Vinca major

Common Name: greater periwinkle 
Type: Herbaceous perennial
Family: Apocynaceae
Native Range: Northeastern Asia Minor and adjacent western Caucusus
Zone: 7 to 9
Height: 0.50 to 1.50 feet
Spread: 1.00 to 2.00 feet
Bloom Time: April to May
Bloom Description: Violet-blue
Sun: Full sun to part shade
Water: Dry to medium
Maintenance: Medium
Suggested Use: Ground Cover, Naturalize
Flower: Showy
Leaf: Evergreen
Tolerate: Deer, Drought, Heavy Shade, Erosion, Dry Soil


Reliably winter hardy to USDA Zones 7-9 where it is easily grown in average, dry to medium, well-drained soils in full sun to part shade. Plants prefer moist, humus-rich soils in part shade, but will tolerate close to full shade. Space starter plants 8” apart for quick cover of smaller areas. Space 12-18” apart to cover large areas. In the St. Louis area, this plant may not survive harsh winters even if grown in a protected location, and may be best utilized as an annual for pots, baskets and containers.

Noteworthy Characteristics

Vinca major, commonly called greater periwinkle, large periwinkle or blue buttons, is an evergreen, prostrate, mat-forming perennial with long trailing stems. It is widely used as a ground cover and container plant. North of USDA Zone 7, it is more commonly used as a container plant.
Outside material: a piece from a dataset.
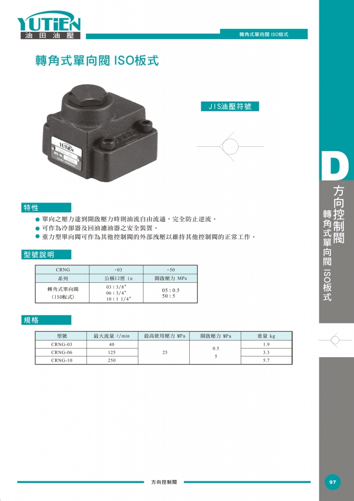 YUTIEN转角式单向阀部分常规型号参考:CRNG-03-05 , CRNG-03-50 , CRNG-06-05 , CRNG-06-50 , CRNG-10-05 , CRNG-10-50

Dark green leaves (to 3” long) are ovate to lanceolate. Solitary, tubular, phlox-like, pale violet-blue flowers (to 1 1/2” across) bloom on upright stalks from the leaf axils in spring, and usually continue to bloom intermittently throughout the summer into autumn. Foliage of this periwinkle typically grows to 12-18" tall and spreads indefinitely. Once established, this plant will spread aggressively, rooting at the nodes where the stems come in contact with the soil.
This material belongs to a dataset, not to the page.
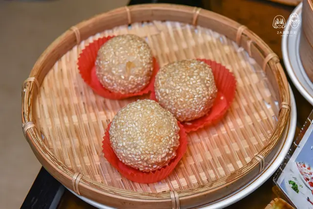 蓮蓉芝麻球外層酥酥脆脆的,裡頭軟Q很有彈性,享受得到濃濃的芝麻香及蓮蓉餡料的香甜,讓人很容易一顆接著一顆!
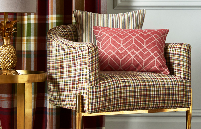 The rustic weaves add warmth into spacious bar lounges and large reception areas in cushions, curtains and accessories, with the fabrics coordinating perfectly to create an eclectic interior. Give these traditional spaces a contemporary update and pair the highland checks with geometric upholstery in our Penrose fabric, vibrant green accents and gold accessories.

Genus name is from Latin meaning to bind or wind around in reference to the long, flexible stems that were used in wreath making.
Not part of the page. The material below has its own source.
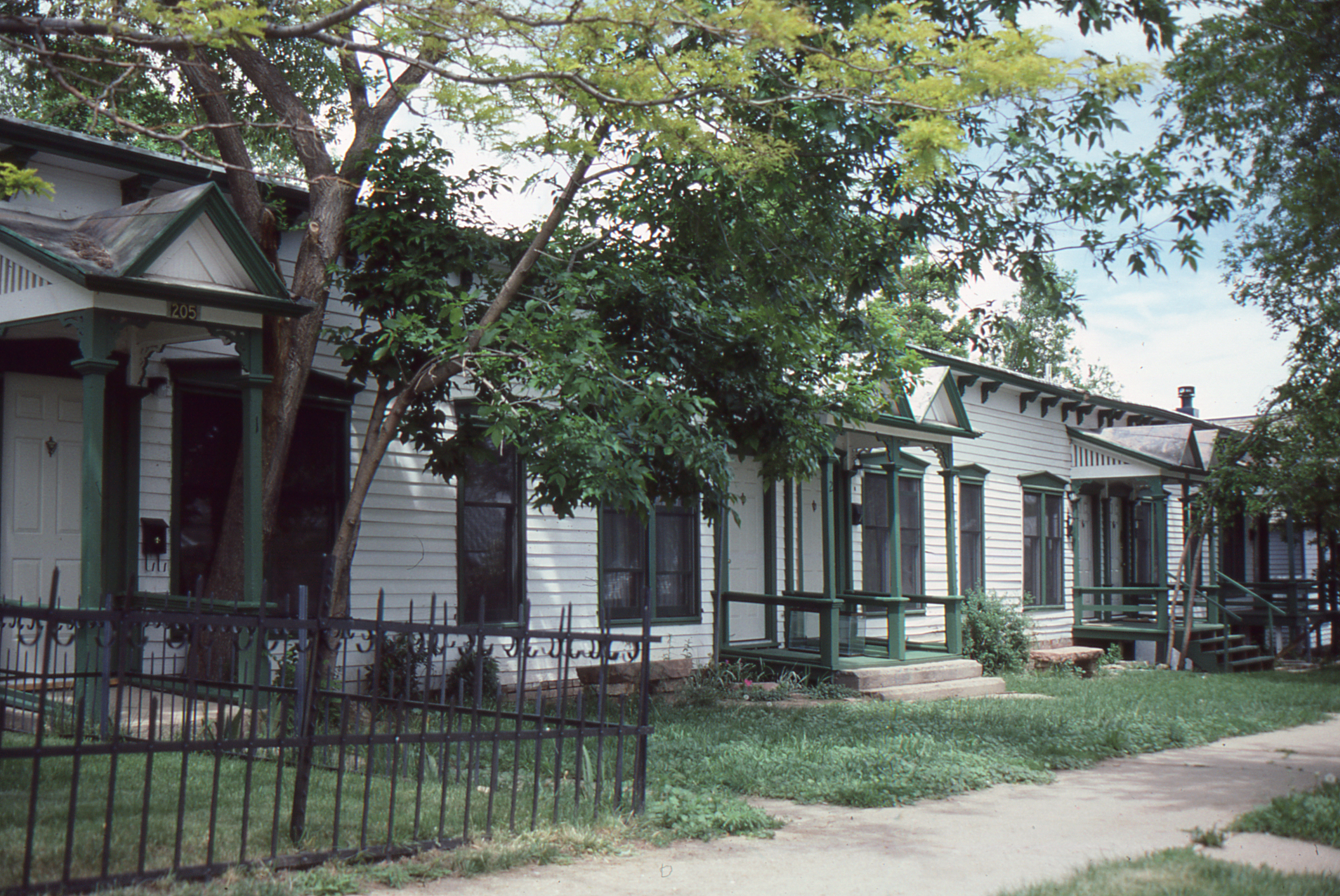 A rare example of a wood frame terrace house, the eight unit building is flat roofed and faced in narrow clapboards which emphasize the vernacular Colonial Revival detail of the exterior.

Specific epithet means bigger or larger.


No serious insect or disease problems. Potential insect pests include aphids and nematodes. Potential disease problems include root rot, leaf spot and blight. In southern climates where winter hardiness is not a problem, plants can spread somewhat aggressively into adjacent lawns or garden areas.

Garden Uses

Where winter hardy, greater periwinkle is a versatile ground cover for shady areas. Good cover for bulbs. Effective on slopes or banks to stabilize soils and prevent erosion. Trailing stems may be cascaded over stone walls. Dense foliage discourages weeds. Excellent selection for hanging baskets, window boxes and containers.